**Source records**

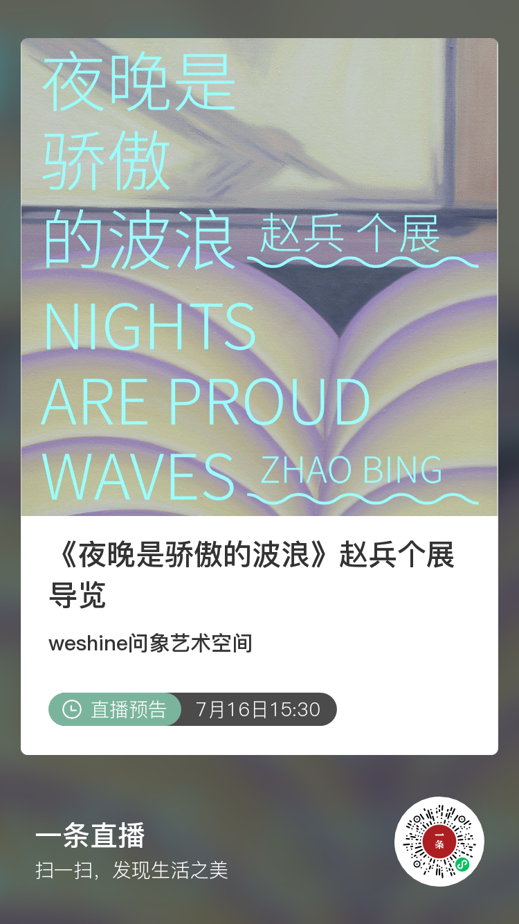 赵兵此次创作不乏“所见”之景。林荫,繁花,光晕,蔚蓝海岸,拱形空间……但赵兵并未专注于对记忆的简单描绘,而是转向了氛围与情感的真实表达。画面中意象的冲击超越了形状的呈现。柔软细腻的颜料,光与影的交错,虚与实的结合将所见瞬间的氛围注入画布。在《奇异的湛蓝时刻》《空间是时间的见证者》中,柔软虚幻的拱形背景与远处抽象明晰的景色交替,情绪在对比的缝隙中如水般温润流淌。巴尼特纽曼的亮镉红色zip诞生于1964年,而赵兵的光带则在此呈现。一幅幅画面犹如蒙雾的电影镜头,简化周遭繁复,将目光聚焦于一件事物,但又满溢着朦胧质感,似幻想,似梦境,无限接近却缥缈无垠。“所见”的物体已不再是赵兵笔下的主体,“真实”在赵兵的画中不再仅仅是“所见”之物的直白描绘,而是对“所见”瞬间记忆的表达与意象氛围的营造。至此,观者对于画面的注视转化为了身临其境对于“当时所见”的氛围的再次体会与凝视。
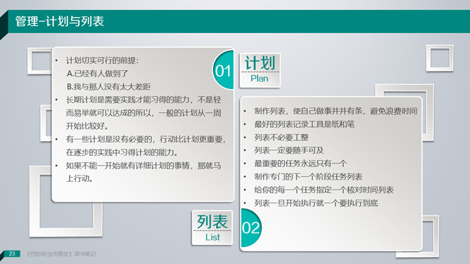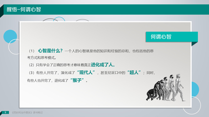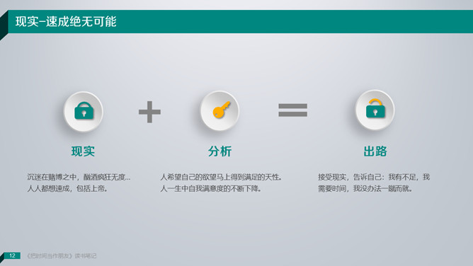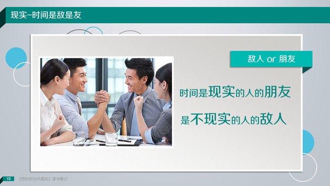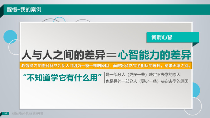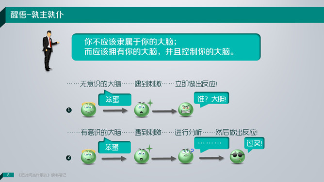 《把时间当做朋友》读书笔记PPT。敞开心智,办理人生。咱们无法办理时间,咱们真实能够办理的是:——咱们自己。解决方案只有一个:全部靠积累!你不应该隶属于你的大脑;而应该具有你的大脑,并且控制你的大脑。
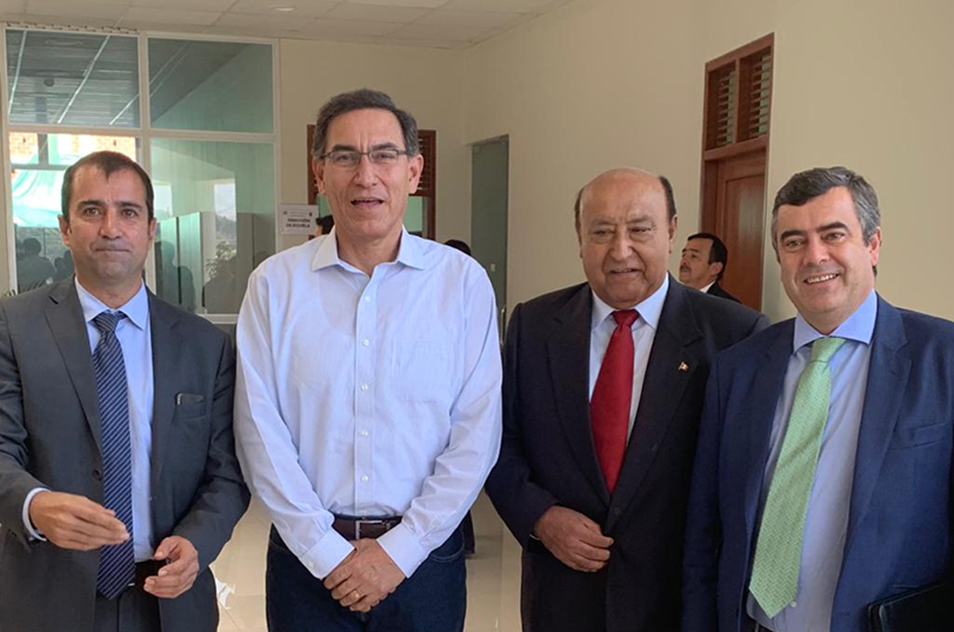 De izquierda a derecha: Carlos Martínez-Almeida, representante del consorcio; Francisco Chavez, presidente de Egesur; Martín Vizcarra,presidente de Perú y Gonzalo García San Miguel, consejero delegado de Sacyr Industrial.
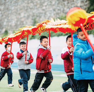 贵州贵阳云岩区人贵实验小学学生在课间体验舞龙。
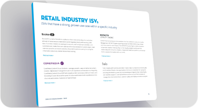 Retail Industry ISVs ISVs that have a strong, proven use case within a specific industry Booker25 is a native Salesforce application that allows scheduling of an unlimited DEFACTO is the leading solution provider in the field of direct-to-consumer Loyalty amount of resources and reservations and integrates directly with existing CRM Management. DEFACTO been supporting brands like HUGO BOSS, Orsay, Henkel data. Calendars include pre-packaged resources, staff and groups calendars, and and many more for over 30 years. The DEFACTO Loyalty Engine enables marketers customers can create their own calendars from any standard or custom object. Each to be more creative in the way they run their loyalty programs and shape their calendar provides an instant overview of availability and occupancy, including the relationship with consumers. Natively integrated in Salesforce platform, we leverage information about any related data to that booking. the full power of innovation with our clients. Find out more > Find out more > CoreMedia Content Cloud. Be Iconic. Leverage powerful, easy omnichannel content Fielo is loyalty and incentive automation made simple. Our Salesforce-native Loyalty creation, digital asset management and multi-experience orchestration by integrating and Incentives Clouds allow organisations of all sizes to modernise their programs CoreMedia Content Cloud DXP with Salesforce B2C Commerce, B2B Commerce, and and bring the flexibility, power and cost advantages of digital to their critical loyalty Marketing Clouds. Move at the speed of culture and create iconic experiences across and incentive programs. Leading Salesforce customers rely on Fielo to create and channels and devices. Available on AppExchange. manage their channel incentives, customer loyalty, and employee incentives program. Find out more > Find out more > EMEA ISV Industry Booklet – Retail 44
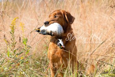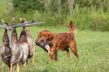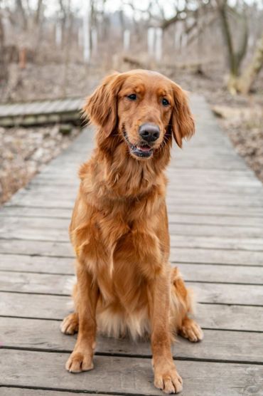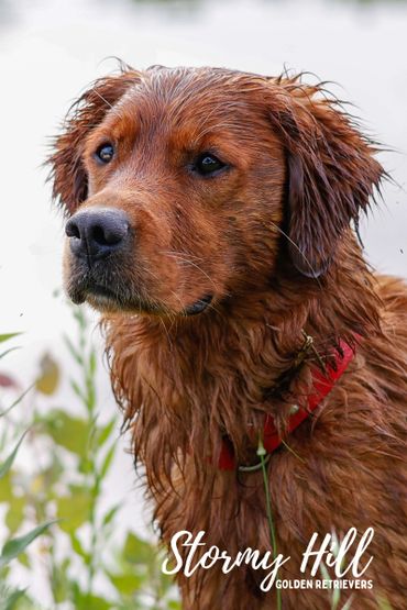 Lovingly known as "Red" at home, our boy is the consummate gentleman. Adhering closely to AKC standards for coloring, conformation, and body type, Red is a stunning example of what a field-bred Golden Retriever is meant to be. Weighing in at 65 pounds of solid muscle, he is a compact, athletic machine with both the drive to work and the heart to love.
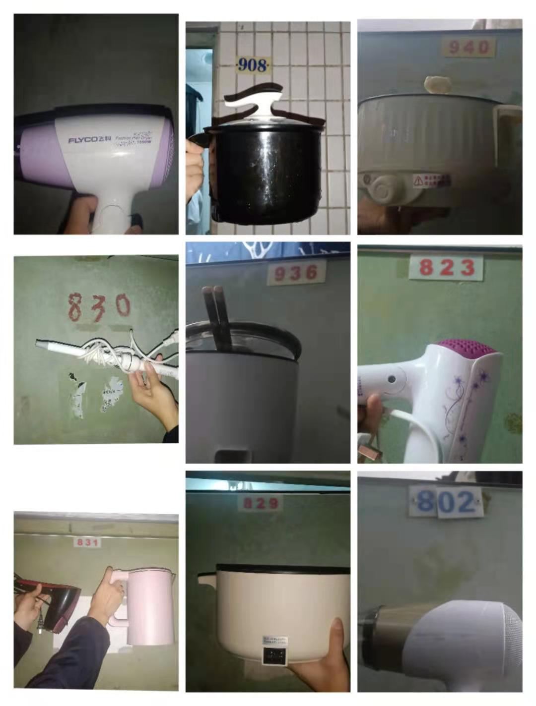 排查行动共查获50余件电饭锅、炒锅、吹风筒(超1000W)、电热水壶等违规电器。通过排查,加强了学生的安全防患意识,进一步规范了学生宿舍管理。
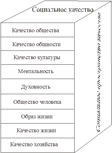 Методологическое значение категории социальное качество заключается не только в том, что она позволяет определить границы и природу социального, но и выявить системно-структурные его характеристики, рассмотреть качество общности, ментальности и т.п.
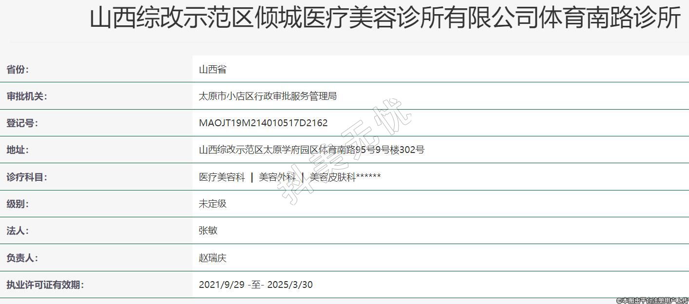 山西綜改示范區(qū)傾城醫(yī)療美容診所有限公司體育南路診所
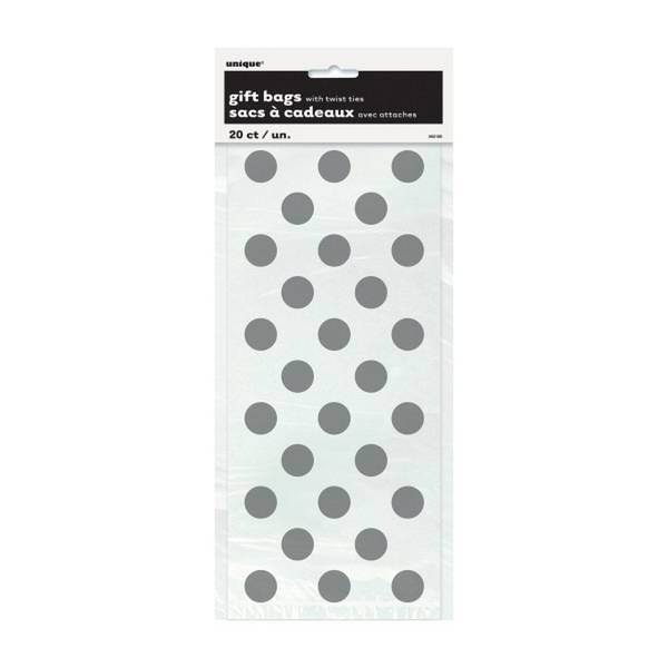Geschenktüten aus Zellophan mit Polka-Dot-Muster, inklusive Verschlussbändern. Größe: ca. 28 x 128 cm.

**Instructions to follow**
Reproduce the listing exactly. Leave its pictures out.

**Answer section**
 赵兵此次创作不乏“所见”之景。林荫,繁花,光晕,蔚蓝海岸,拱形空间……但赵兵并未专注于对记忆的简单描绘,而是转向了氛围与情感的真实表达。画面中意象的冲击超越了形状的呈现。柔软细腻的颜料,光与影的交错,虚与实的结合将所见瞬间的氛围注入画布。在《奇异的湛蓝时刻》《空间是时间的见证者》中,柔软虚幻的拱形背景与远处抽象明晰的景色交替,情绪在对比的缝隙中如水般温润流淌。巴尼特纽曼的亮镉红色zip诞生于1964年,而赵兵的光带则在此呈现。一幅幅画面犹如蒙雾的电影镜头,简化周遭繁复,将目光聚焦于一件事物,但又满溢着朦胧质感,似幻想,似梦境,无限接近却缥缈无垠。“所见”的物体已不再是赵兵笔下的主体,“真实”在赵兵的画中不再仅仅是“所见”之物的直白描绘,而是对“所见”瞬间记忆的表达与意象氛围的营造。至此,观者对于画面的注视转化为了身临其境对于“当时所见”的氛围的再次体会与凝视。
 《把时间当做朋友》读书笔记PPT。敞开心智,办理人生。咱们无法办理时间,咱们真实能够办理的是:——咱们自己。解决方案只有一个:全部靠积累!你不应该隶属于你的大脑;而应该具有你的大脑,并且控制你的大脑。
 De izquierda a derecha: Carlos Martínez-Almeida, representante del consorcio; Francisco Chavez, presidente de Egesur; Martín Vizcarra,presidente de Perú y Gonzalo García San Miguel, consejero delegado de Sacyr Industrial.
 贵州贵阳云岩区人贵实验小学学生在课间体验舞龙。
 Retail Industry ISVs ISVs that have a strong, proven use case within a specific industry Booker25 is a native Salesforce application that allows scheduling of an unlimited DEFACTO is the leading solution provider in the field of direct-to-consumer Loyalty amount of resources and reservations and integrates directly with existing CRM Management. DEFACTO been supporting brands like HUGO BOSS, Orsay, Henkel data. Calendars include pre-packaged resources, staff and groups calendars, and and many more for over 30 years. The DEFACTO Loyalty Engine enables marketers customers can create their own calendars from any standard or custom object. Each to be more creative in the way they run their loyalty programs and shape their calendar provides an instant overview of availability and occupancy, including the relationship with consumers. Natively integrated in Salesforce platform, we leverage information about any related data to that booking. the full power of innovation with our clients. Find out more > Find out more > CoreMedia Content Cloud. Be Iconic. Leverage powerful, easy omnichannel content Fielo is loyalty and incentive automation made simple. Our Salesforce-native Loyalty creation, digital asset management and multi-experience orchestration by integrating and Incentives Clouds allow organisations of all sizes to modernise their programs CoreMedia Content Cloud DXP with Salesforce B2C Commerce, B2B Commerce, and and bring the flexibility, power and cost advantages of digital to their critical loyalty Marketing Clouds. Move at the speed of culture and create iconic experiences across and incentive programs. Leading Salesforce customers rely on Fielo to create and channels and devices. Available on AppExchange. manage their channel incentives, customer loyalty, and employee incentives program. Find out more > Find out more > EMEA ISV Industry Booklet – Retail 44
 Lovingly known as "Red" at home, our boy is the consummate gentleman. Adhering closely to AKC standards for coloring, conformation, and body type, Red is a stunning example of what a field-bred Golden Retriever is meant to be. Weighing in at 65 pounds of solid muscle, he is a compact, athletic machine with both the drive to work and the heart to love.
 排查行动共查获50余件电饭锅、炒锅、吹风筒(超1000W)、电热水壶等违规电器。通过排查,加强了学生的安全防患意识,进一步规范了学生宿舍管理。
 Методологическое значение категории социальное качество заключается не только в том, что она позволяет определить границы и природу социального, но и выявить системно-структурные его характеристики, рассмотреть качество общности, ментальности и т.п.
 山西綜改示范區(qū)傾城醫(yī)療美容診所有限公司體育南路診所
Geschenktüten aus Zellophan mit Polka-Dot-Muster, inklusive Verschlussbändern. Größe: ca. 28 x 128 cm.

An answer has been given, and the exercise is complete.